Mientras Gates siguiera siendo parte de Microsoft, Nadella estuvo hasta cierto punto encadenada. Pero ha quedado claro desde hace algún tiempo que el joven ya no necesita ruedas de entrenamiento y es más que capaz de hacerlo solo. Ahora Nadella tiene más libertad para moldear a Microsoft en su visión del futuro sin que la sombra de Bill Gates obstaculice la ejecución.

El fin de una era
No obstante, esta salida marca el final de una era. En sus primeros días, Microsoft consiguió astutamente una especie de patrocinio del indiscutible líder tecnológico de la época, IBM, al instalar su sistema operativo MS-DOS en cada PC que IBM construyera. Finalmente, reemplazó a IBM como la empresa más poderosa del mundo de la tecnología, y luego repitió algunos de los errores más dolorosos de IBM, y así pasó el liderazgo del mercado a Google, que procedió a cometer errores similares.
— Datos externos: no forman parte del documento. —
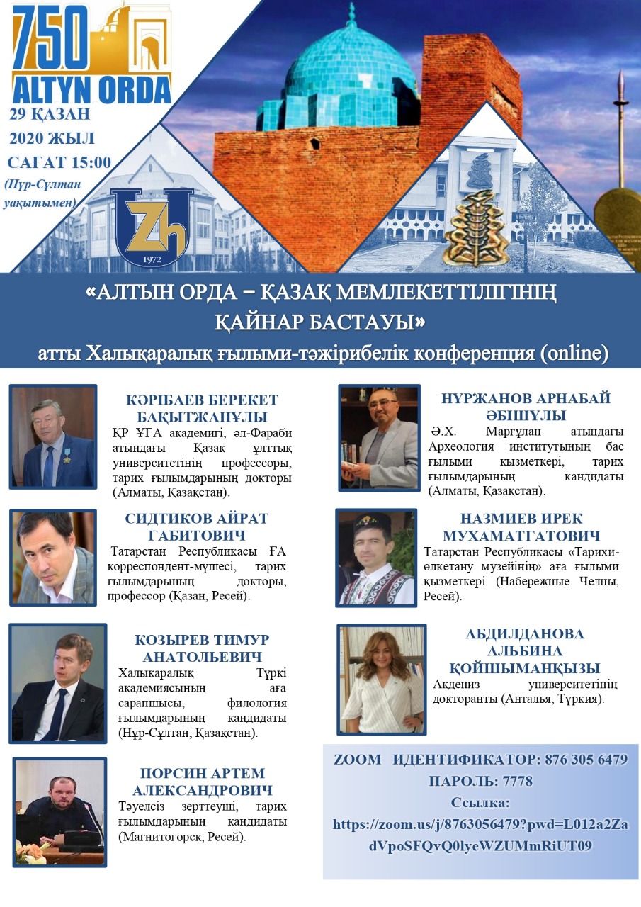 Head of the Department of history of Kazakhstan, doctor of historical Sciences, Professor B. B. Karibayev took part in the online conference "Golden Horde-the origins of Kazakh statehood". 10/29/2020 Read more >>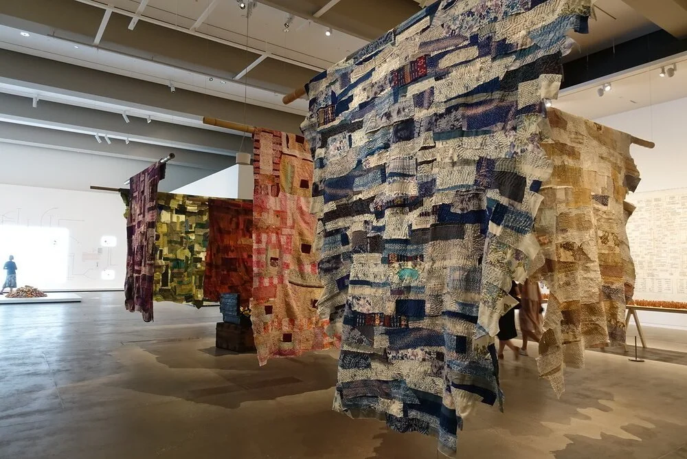 Jakkai Siributr, 18/28: The Singhaseni Tapestries, 2017-2018, cotton, silk, synthetic fabric, embroidery, found fabrics, disassembled garments, luggage trunks, sound. Collection of Queensland Art Gallery I Gallery of Modern Art.

Aunque solo IBM casi se hunde debido a sus errores, se podría argumentar que tanto Microsoft como Google fueron más tontos, ya que tenían un ejemplo al que mirar y no lo hicieron.

Durante la era Gates en Microsoft, el mercado pasó de mainframes a PC y servidores, se lanzó Internet e IBM pasó de dominar el mercado de la tecnología y ser imbatible a tener un valor de marca negativo (donde la gente prefería los productos de caja blanca a los productos de IBM). . Cuando Gates dejó Microsoft, la compañía estaba bajo una nube antimonopolio, IBM se estaba recuperando, Google estaba a punto de convertirse en una cosa y Apple, con el regreso de Steve Jobs, había comenzado un movimiento sustancial de estar en soporte vital a ser la empresa más valiosa del mundo.

El futuro de Microsoft
Sin Gates, Microsoft indudablemente se volverá aún más creativo con su línea de hardware Surface y, espero, sus nuevos esfuerzos de teléfonos inteligentes / tabletas aprovecharán cada vez más la nube y Windows virtual para crear un modelo que es mucho más similar al antiguo mundo de mainframe. de lo que tenemos ahora.

Microsoft avanzará de manera más agresiva en su estrategia centrada en la nube y ejecutará una versión más pura de la visión de Nadella para la empresa. Veo pocas señales de la arrogancia que alguna vez definió a Microsoft. Hoy, en un cambio que muchos de nosotros a principios de la década de 2000 creíamos imposible, Microsoft se ha convertido en una de las empresas más orientadas al código abierto y centradas en el cliente en el segmento de tecnología. También espero que veamos algunas iniciativas nuevas en breve que nuevamente nos harán pensar en Microsoft de manera muy diferente.

Pero no podría haber llegado a donde está y adónde va sin los cimientos que Gates y, sí, Ballmer, construyeron para la firma.